Reduced Tobacco Use

Excerpts from the Book

The Transcendental Meditation program  has been found to be effective as a natural means of reducing or stopping smoking, actually more effective than other approaches despite the fact that it is not designed as a tool to stop smoking. A comprehensive analysis of TM’s effectiveness in reducing cigarette use compared to other methods was published in a special double issue of the Alcoholism Treatment Quarterly in 1994. /14 That study used meta-analysis to evaluate the different approaches in different studies. Published meta-analyses often use a quantitative index to evaluate the different approaches called an “effect size.” In measuring changes in behavior an effect size of .80 is considered a big effect of the program, while an effect size of .50 is considered a medium treatment effect, and an effect size of .20 is a small effect. The meta-analysis to evaluate smoking cessation programs compared 16 TM studies to 115 studies on other approaches. For the TM studies the average effect size was .87 (a big effect) and considering only the better designed TM studies, it was .97. By comparison, the effect size for counseling programs was about .20 (small) and for pharmacological treatments about .30 and for the best of the conventional approaches, which was prevention education programs, about .40 (less than a medium effect).

 

The TM program’s effectiveness is likely a combination of the natural relaxation that comes with the practice and its ability to provide satisfaction from within. Meditators like feeling relaxed and over time many stop using artificial substances.

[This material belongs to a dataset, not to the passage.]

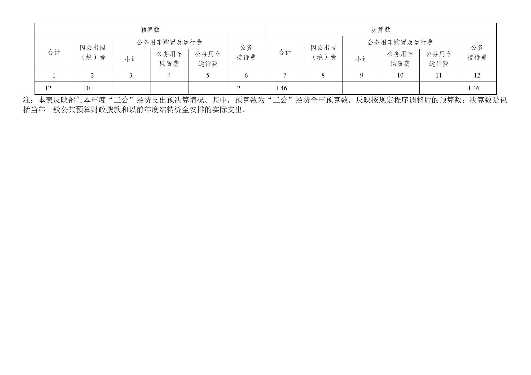 2021年度“三公”经费财政拨款支出预算为12万元,支出决算为1.46万元,完成预算的12.17%,其中:

Michael Cuddehe, age 72, was one of those who wanted to stop smoking, but couldn’t quite do it on his own despite a strong motivation to do so. Michael started smoking when he was twelve. He says his father gave him a hard time about smoking when he was young, so initially he only smoked intermittently. Then, on his sixteenth birthday, his father relented and gave him a birthday present of a carton of cigarettes and Michael became addicted. In those days in high school in Plattsburg, New York, there was a smoking lounge, and at breaks and at lunch he would go to the lounge and smoke. After a while he was smoking a pack a day, then two packs, and by the time Michael was twenty-two, he was smoking four packs a day. He saw a doctor at that time who told him that if he kept smoking, he would die of emphysema, and the doctor warned him that it is not a pretty way to die. Michael said in an interview:

The doctor’s appointment had a big effect on me. I was scared by what he said, and I remember walking out of the doctor’s office and throwing my cigarettes away. That’s when the battle began because I still had the craving, and especially if I was out having a couple of beers. Then I would start smoking again for two or three months, then stop for a while and then start again for a number of months. That went on for five years. Then in 1973 I started TM. There was a pretty dramatic shift internally as a result of TM, and I never again had the desire for cigarettes. I never smoked again.

The American Heart Association says the risk of heart disease is strongly linked to family history. So, because Michael’s father died of heart disease that is a genetic factor increasing Michael’s risk for heart disease. In Michael’s case, however, his TM practice is a protective factor. Michael has been practicing the TM technique continuously since he learned in 1973. He liked it so much he even became a TM teacher. Jay asked him about his current risk factors for heart disease when he interviewed him in May, 2017. Michael said, “I just came from a doctor’s checkup. My blood pressure reading was 110/60. I also have no cholesterol problems, and I don’t need to take any medications. My father on the other hand was taking twelve different medications when he died of heart disease.”